| Task brief |
Start to finish, print the entries exactly, and carry none of the pictures over.

| Records provided |
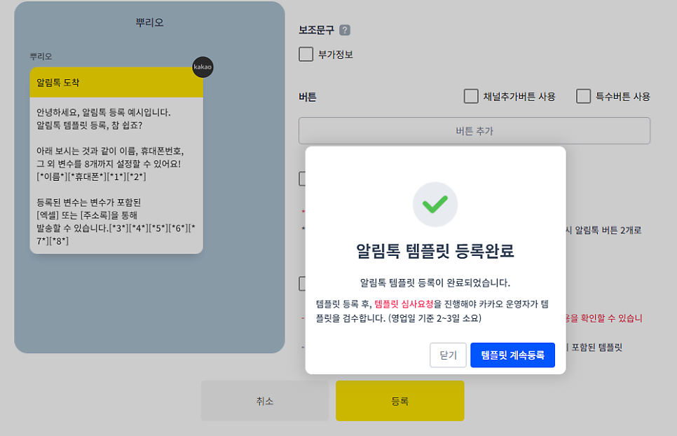 템플릿 승인에는 약 2일~3일의 기간이 소요되므로 빠른 이용을 원하신다면 가입 즉시 템플릿을 등록 후 심사요청을 하도록 해야합니다.
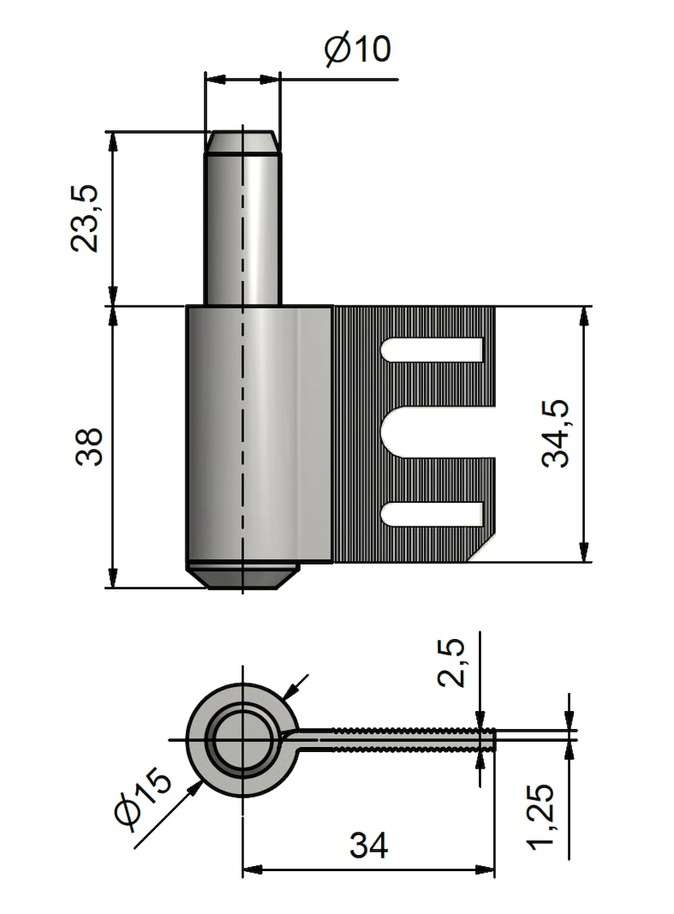 Záves – spodný diel – je určený do oceľových zárubní s vložkou 34 OZ
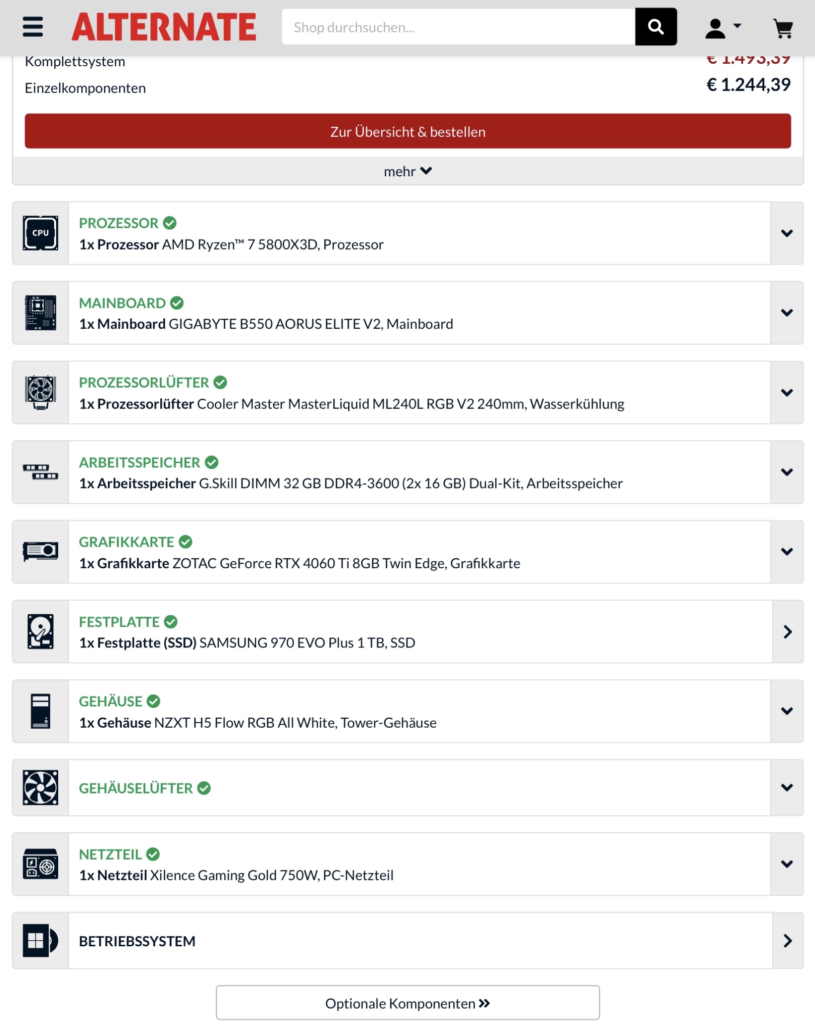 Ich habe bisschen Materie durchwühlt und habe versucht mir besten Wissen und Gewissens auf Alternate im Konfigurator einen PC zusammen zu stellen, der für meine Bedürfnisse ausreichen sollte.
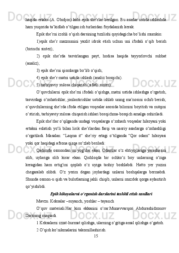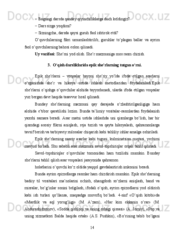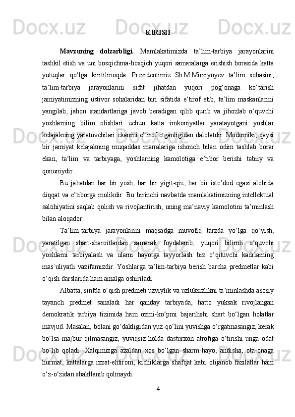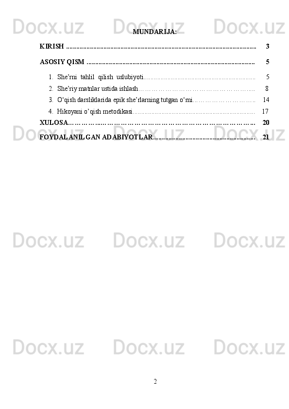 | FOYDALANILGAN ADABIYOTLAR............................................................ | 21 |
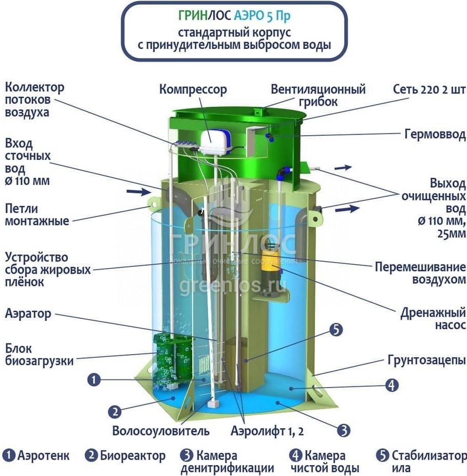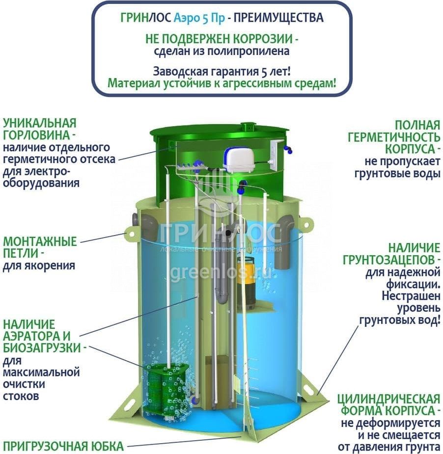 Отличительными особенностями септика ГРИНЛОС Аэро 5 Пр являются:
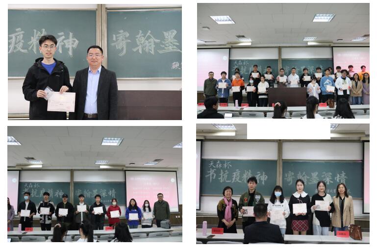 学院领导和老师为获得特等奖、一等奖、二等奖和三等奖的同学们依次颁发证书,获奖代表上台发言。特等奖获得者机制2112班马靖皓分享了自己八年的练字经历,从“坐不住写不好”到今天板书上呈现的遒劲有力的书法,是他对热爱和坚持的最好写照,也为机制的同学们树立了良好的榜样。未获奖的同学争相表态,从现在起认真练字并接受周围同学的监督,大家互帮互助,逐步扩大练字团体。之后,在赵老师的带领下,全场同学齐声边唱边做写好中国字手势舞。
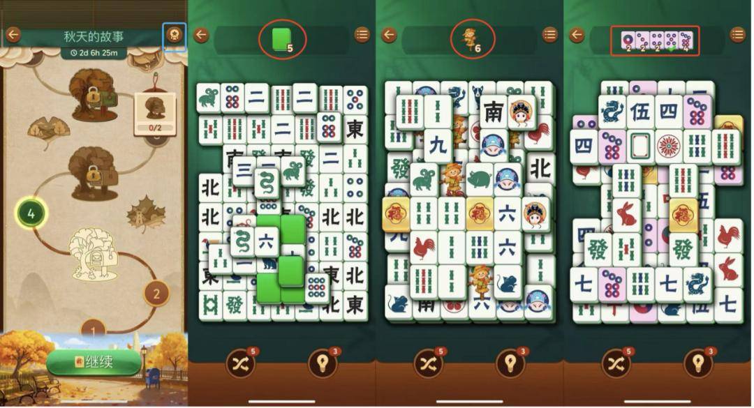 相比之下,如上图的「Mahjong Club」,仅是牌数较少的第三关就出现了 “2 对西风、白板”,虽然后续也加入了“梅兰竹菊、春夏秋冬”8 张花牌,但仍会大量出现重复情况。而由于生肖、脸谱等牌面的加入,「Vita Mahjong」在后面关卡堆叠数量较多时,才会出现重复。
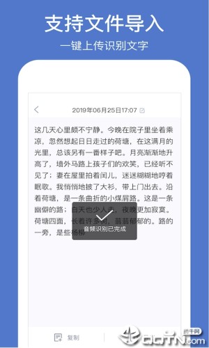 它支持实时录音,实时识别,不仅能够记录下您的声音,更可以将您说的文字实时转录出来。它还支持将录音文件转为文字。是您办公的好助手。
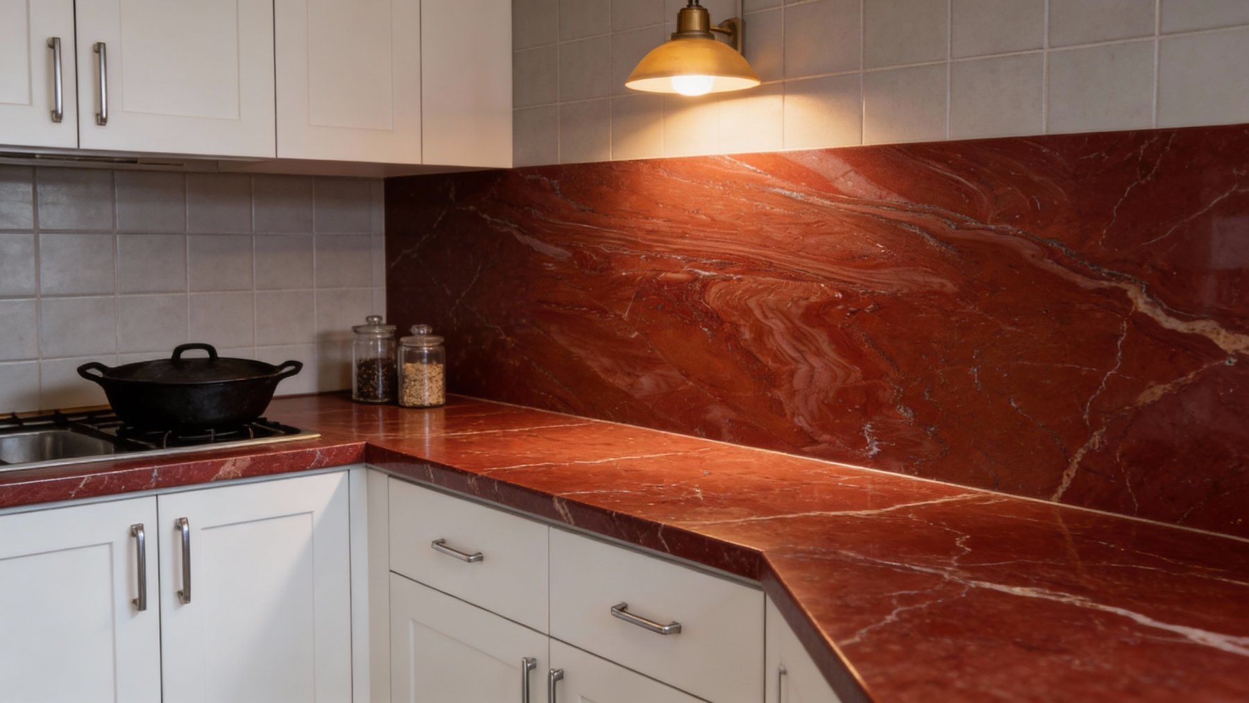 石材表面细腻光滑,带有温润的自然光泽:深色肌理区域光泽内敛醇厚,浅色纹理边缘则折射出柔和的微光,光影层次丰富。局部点缀着纤细的浅白色或银灰色结晶细纹,与主色调形成微妙对比,既打破了单调感,又增添了质感的精致度;触感应是细腻顺滑,兼具石材的坚硬质地与纹理起伏带来的微妙层次触感,视觉与触觉的融合度高。
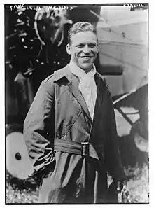 During the 1920s, Maitland competed for the Air Service and its Air Corps successor in air races and pioneering flights as part of the service's program of generating favorable publicity.[3] While Operations Officer for Col. Augustine Warner Robins at the Fairfield Air Intermediate Depot (FAID) in October 1922, he was part of the Army team at the National Air Races held that year at Selfridge Field, Michigan.[4] On October 14, he reputedly became the first U.S. pilot to fly faster than 200 mph (320 km/h) and received a letter of congratulations from Orville Wright.[5] Flying a Curtiss R-6 racer over a 50-kilometer (31-mile) course, Maitland finished second in the Pulitzer Trophy race, behind Army test pilot Lt. Russell Maughan but ahead of four Navy and eight Army racers, averaging 198.8 mph (319.9 km/h) and reporting brief blackouts during the tight pylon turns.[6] On March 29, 1923, he set a world's absolute speed record of 236.58 mph (380.74 km/h) over one kilometer in the R-6, but the record was disqualified because he failed to maintain level flight.[7][n 1] However he broke his own record in October when he flew at a recorded speed of 244.94 mph (394.19 kmh), also in the R-6.[2]

| Final answer |
 템플릿 승인에는 약 2일~3일의 기간이 소요되므로 빠른 이용을 원하신다면 가입 즉시 템플릿을 등록 후 심사요청을 하도록 해야합니다.
 Záves – spodný diel – je určený do oceľových zárubní s vložkou 34 OZ
 Ich habe bisschen Materie durchwühlt und habe versucht mir besten Wissen und Gewissens auf Alternate im Konfigurator einen PC zusammen zu stellen, der für meine Bedürfnisse ausreichen sollte.
 | FOYDALANILGAN ADABIYOTLAR............................................................ | 21 |
 Отличительными особенностями септика ГРИНЛОС Аэро 5 Пр являются:
 学院领导和老师为获得特等奖、一等奖、二等奖和三等奖的同学们依次颁发证书,获奖代表上台发言。特等奖获得者机制2112班马靖皓分享了自己八年的练字经历,从“坐不住写不好”到今天板书上呈现的遒劲有力的书法,是他对热爱和坚持的最好写照,也为机制的同学们树立了良好的榜样。未获奖的同学争相表态,从现在起认真练字并接受周围同学的监督,大家互帮互助,逐步扩大练字团体。之后,在赵老师的带领下,全场同学齐声边唱边做写好中国字手势舞。
 相比之下,如上图的「Mahjong Club」,仅是牌数较少的第三关就出现了 “2 对西风、白板”,虽然后续也加入了“梅兰竹菊、春夏秋冬”8 张花牌,但仍会大量出现重复情况。而由于生肖、脸谱等牌面的加入,「Vita Mahjong」在后面关卡堆叠数量较多时,才会出现重复。
 它支持实时录音,实时识别,不仅能够记录下您的声音,更可以将您说的文字实时转录出来。它还支持将录音文件转为文字。是您办公的好助手。
 石材表面细腻光滑,带有温润的自然光泽:深色肌理区域光泽内敛醇厚,浅色纹理边缘则折射出柔和的微光,光影层次丰富。局部点缀着纤细的浅白色或银灰色结晶细纹,与主色调形成微妙对比,既打破了单调感,又增添了质感的精致度;触感应是细腻顺滑,兼具石材的坚硬质地与纹理起伏带来的微妙层次触感,视觉与触觉的融合度高。
 During the 1920s, Maitland competed for the Air Service and its Air Corps successor in air races and pioneering flights as part of the service's program of generating favorable publicity.[3] While Operations Officer for Col. Augustine Warner Robins at the Fairfield Air Intermediate Depot (FAID) in October 1922, he was part of the Army team at the National Air Races held that year at Selfridge Field, Michigan.[4] On October 14, he reputedly became the first U.S. pilot to fly faster than 200 mph (320 km/h) and received a letter of congratulations from Orville Wright.[5] Flying a Curtiss R-6 racer over a 50-kilometer (31-mile) course, Maitland finished second in the Pulitzer Trophy race, behind Army test pilot Lt. Russell Maughan but ahead of four Navy and eight Army racers, averaging 198.8 mph (319.9 km/h) and reporting brief blackouts during the tight pylon turns.[6] On March 29, 1923, he set a world's absolute speed record of 236.58 mph (380.74 km/h) over one kilometer in the R-6, but the record was disqualified because he failed to maintain level flight.[7][n 1] However he broke his own record in October when he flew at a recorded speed of 244.94 mph (394.19 kmh), also in the R-6.[2]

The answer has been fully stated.